Monday, 18 October 2010

Reality v fiction


A rare pic of me at the GNI last Friday. Interesting questions come up at the Girls' Nights In and the evening at Haltwhistle was no exception. How do we get our ideas? Simple question, but it makes you think, really think, about where ideas come from and how we execute them. Most historical writers claim to love history, yet there are some books being written today, someone said, that made her think that the writer didn't understand the period she'd been writing.


It is sometimes hard enough to understand our neighbours and next to impossible to understand people ten years younger than ourselves. Does any forty-year-old really understand why twenty-year-olds think as they do? What makes some of them get absolutely plastered? Why drink at home before they go out, so that they are half-way to plastered before they hit the streets? Why do they need artificial stimulants before they can have a good time? Why do football matches turn into battle zones? Why are bankers so greedy?

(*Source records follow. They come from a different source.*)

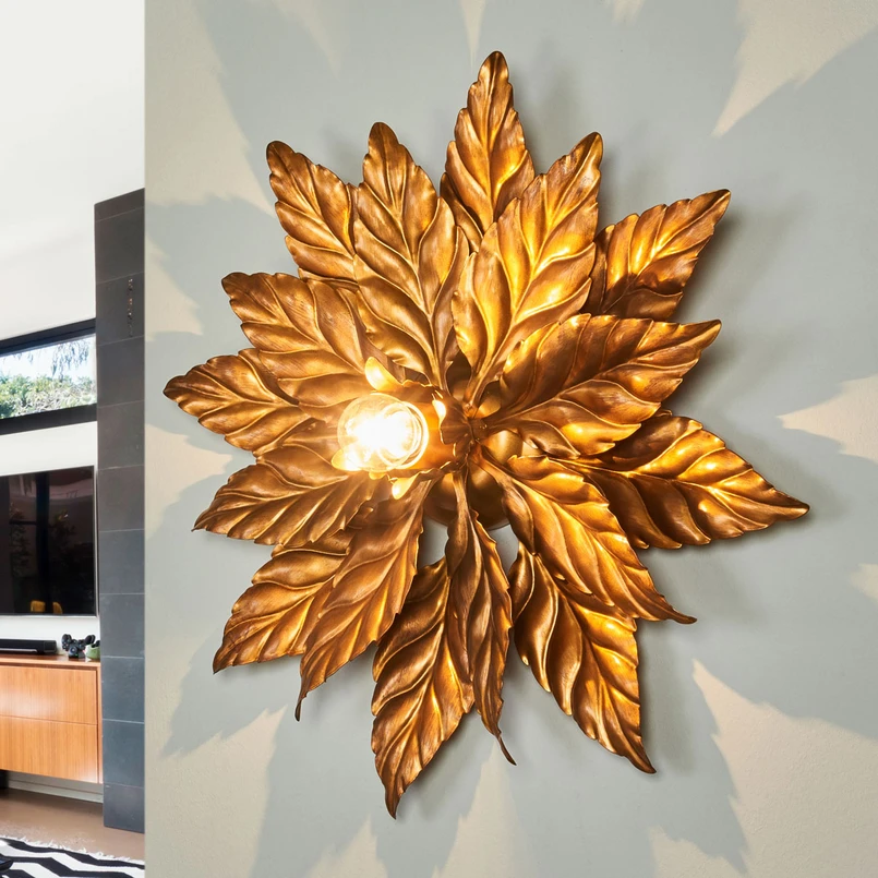 Wandleuchte Antik mit goldenen Blättern 40 cm
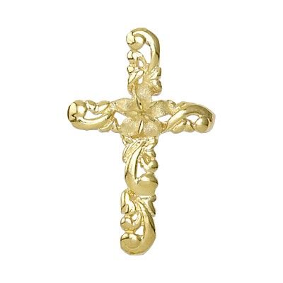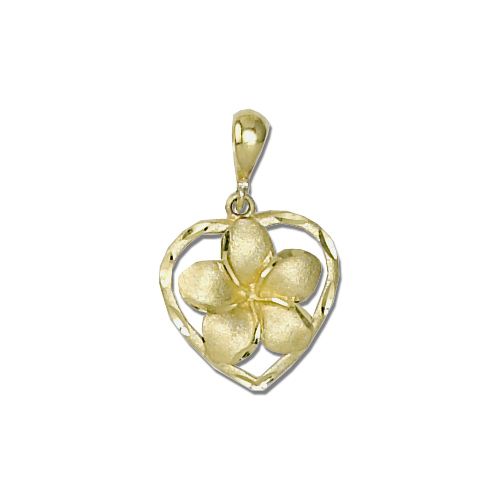 14KT Yellow Gold Plumeria with "MOM" Heart Shaped Pendant. This pendant is 3/4" in diameter. The flower is sand finished with diamond cut edge on each petal.
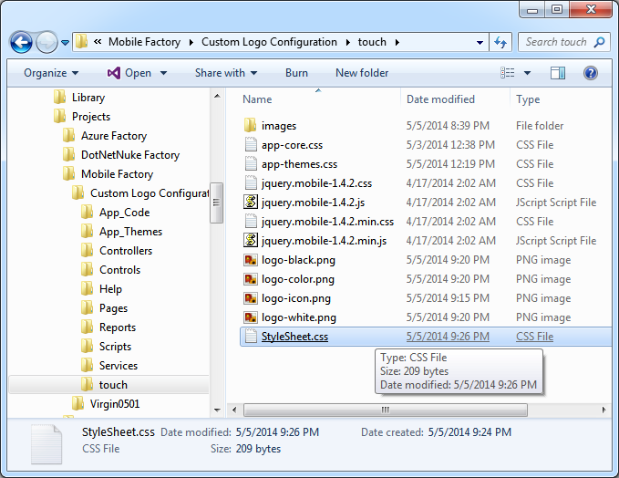 Custom file StyleSheet.css is placed in the touch folder of a Mobile Factory app in this screen shot.
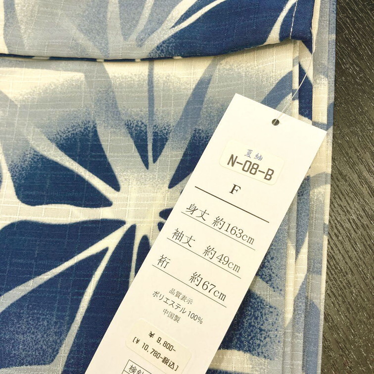 ポリエステル100% 身丈・165cm 裄丈・ 67cm 身長155cm前後の方から165cmの方までにお薦めのサイズとなります。
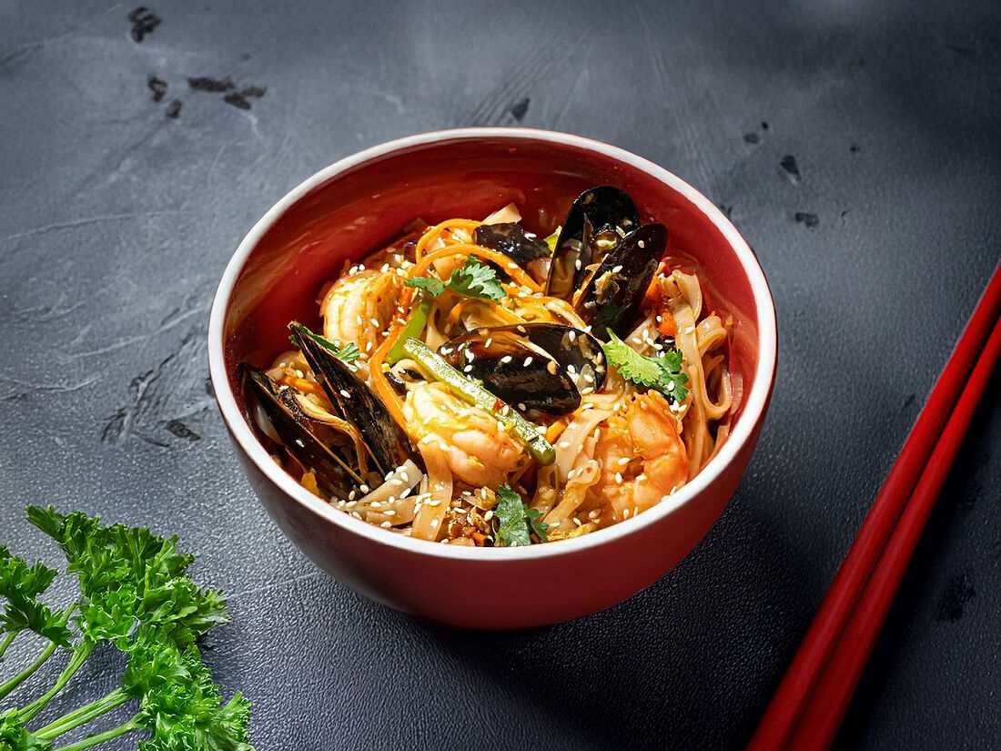 Рисовая лапша с морепродуктами
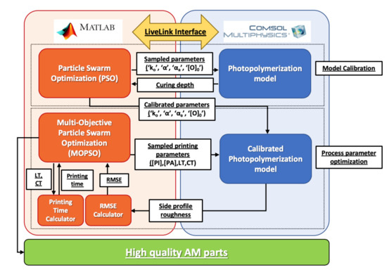 Second, MOPSO samples printing parameters in the parameter search space and passes it to the updated model in COMSOL Multiphysics to obtain surface profile of AM part of given inputs. The surface profile is extracted from photopolymerization simulation and returned to MATLAB. The custom-built MATLAB script calculates root mean squared error (RMSE) value of the given surface profile and uses it as an objective function in the optimization process. The method to calculate RMS for a given surface profile is explained in detail in Appendix D. Another objective function is printing time, which can be calculated by using a custom-built MATLAB script. The detailed method for obtaining printing time is in Section 3.3. This loop continues until it reaches the iteration limit.
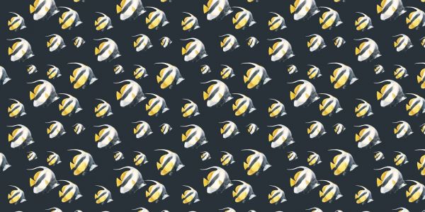 Comme des joyaux contre un ciel nocturne, des poissons tropicaux avec des teintes dorées et blanches brillent sur ce tissu sombre. La répétition du motif suggère un océan infini plein de découvertes, chaque spécimen un silhouette unique contre la profondeur silencieuse.
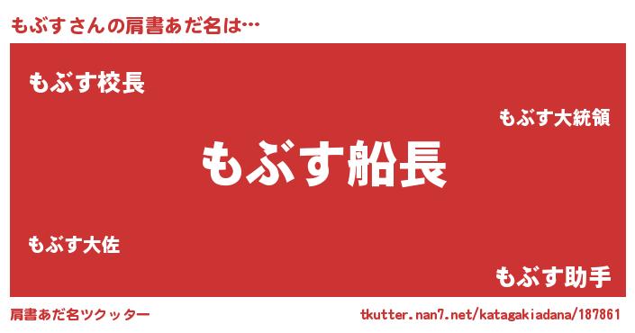 | 欧米人風あだ名 | 『もぶす・ステッグマイヤー』 |
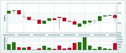 2月29日のラオス総合指数は7.69ポイント(0.83%)下落し、915.84で取引を終えた。売買高は前日の7倍となる10万3162株、売買代金は前日の6倍、5億1140万8800キープだった。
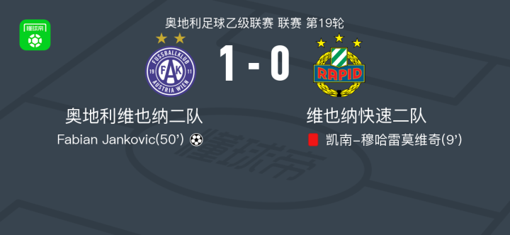 北京时间2月28日奥地利足球乙级联赛 联赛 第19轮,奥地利维也纳二队主场对阵维也纳快速二队。奥地利维也纳二队Fabian Jankovic破门。最终比分奥地利维也纳B队 1-0 维也纳快速B队。

Understanding how someone living in Regency times understood her/his world is therefore doubly difficult. Then it was fear of French invasion and a strict code of manners and morals. In Tudor England, it is a struggle to understand the stranglehold the church had on minds and hearts, or why burning at the stake was thought to be such a cleansing thing. I wonder how many of us would die at the stake for our beliefs today? Are the Scots still The Enemy, as they were then? (I look at Alex Salmon and wonder) Or the Norman French, who overan England, and relegated the indigenous population to starvation, death or serfdom. We go there for holidays now and we're all great friends, so how can we really understand what it was like then?


All writers have a debt of honour to those who have gone before to get it reasonably right. Therefore, as many have said before me, heroines who live in 1803 and behave as if they live in 2010 are just not on.